> Provided data
——
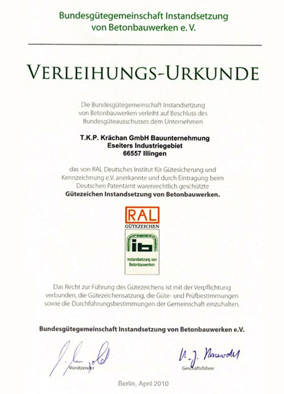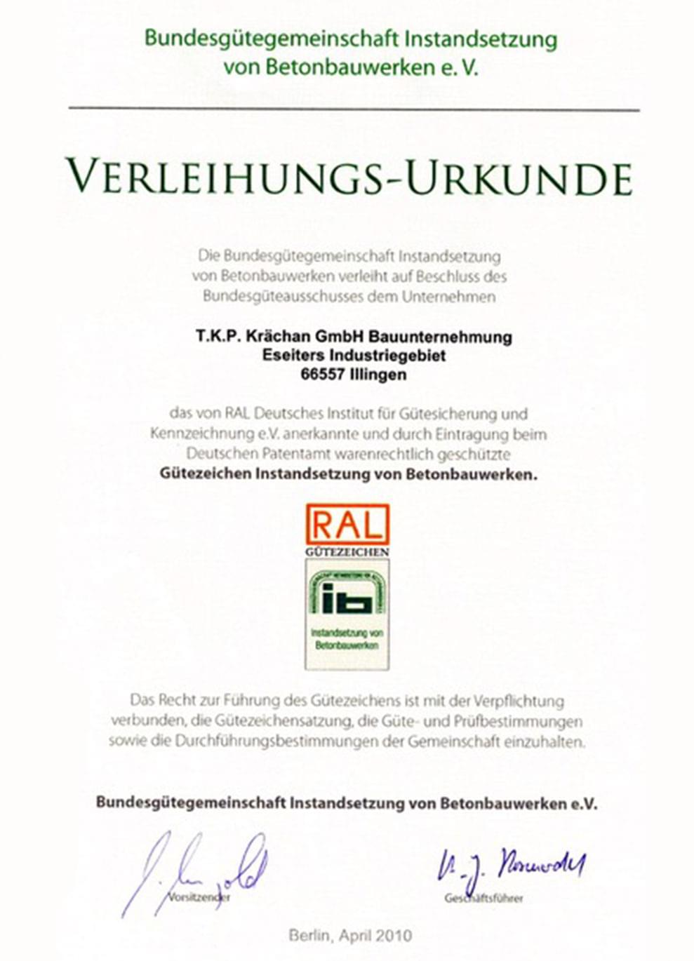 Bundesgütergemeinschaft Instandsetzung von Betonbauwerken e. V. Gütezeichen Instandsetzung von Betonbauwerken
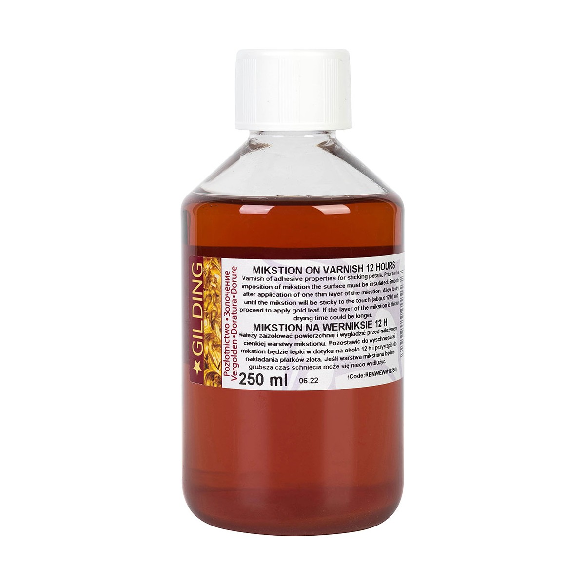 Mikstion na werniksie to mieszanina oleju i werniksu, o właściwościach klejących, do przyklejania płatków metali. Powierzchnia powinna być gładka i zaizolowana np. rozcieńczoną farba akrylową. Po nałożeniu 1 do 2 cienkich warstw mikstionu, po ok. 12 godzinach należy przystąpić do przyklejania płatków, gdy powierzchnia będzie jeszcze lepka w dotyku. Dostępny w butelce o pojemności 250 ml.
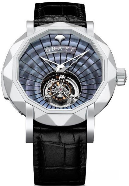 Часы MasterGraff Tourbillon Minute Repeater представлены в корпусе из белого золота 18к диаметром 47мм и водонепроницаемостью 30 метров. На синем жемчужном циферблате отображаются часы, минуты, секунды. Внутри корпуса установлен механизм с ручным заводом, обладающий запасом хода 65 часов. Часы комплектуются ремешком из кожи аллигатора с вставкой из белого золота 18к.
——
> What you are asked to do
Return every line above verbatim, pictures excluded.

> Completed task
 Bundesgütergemeinschaft Instandsetzung von Betonbauwerken e. V. Gütezeichen Instandsetzung von Betonbauwerken
 Mikstion na werniksie to mieszanina oleju i werniksu, o właściwościach klejących, do przyklejania płatków metali. Powierzchnia powinna być gładka i zaizolowana np. rozcieńczoną farba akrylową. Po nałożeniu 1 do 2 cienkich warstw mikstionu, po ok. 12 godzinach należy przystąpić do przyklejania płatków, gdy powierzchnia będzie jeszcze lepka w dotyku. Dostępny w butelce o pojemności 250 ml.
 Часы MasterGraff Tourbillon Minute Repeater представлены в корпусе из белого золота 18к диаметром 47мм и водонепроницаемостью 30 метров. На синем жемчужном циферблате отображаются часы, минуты, секунды. Внутри корпуса установлен механизм с ручным заводом, обладающий запасом хода 65 часов. Часы комплектуются ремешком из кожи аллигатора с вставкой из белого золота 18к.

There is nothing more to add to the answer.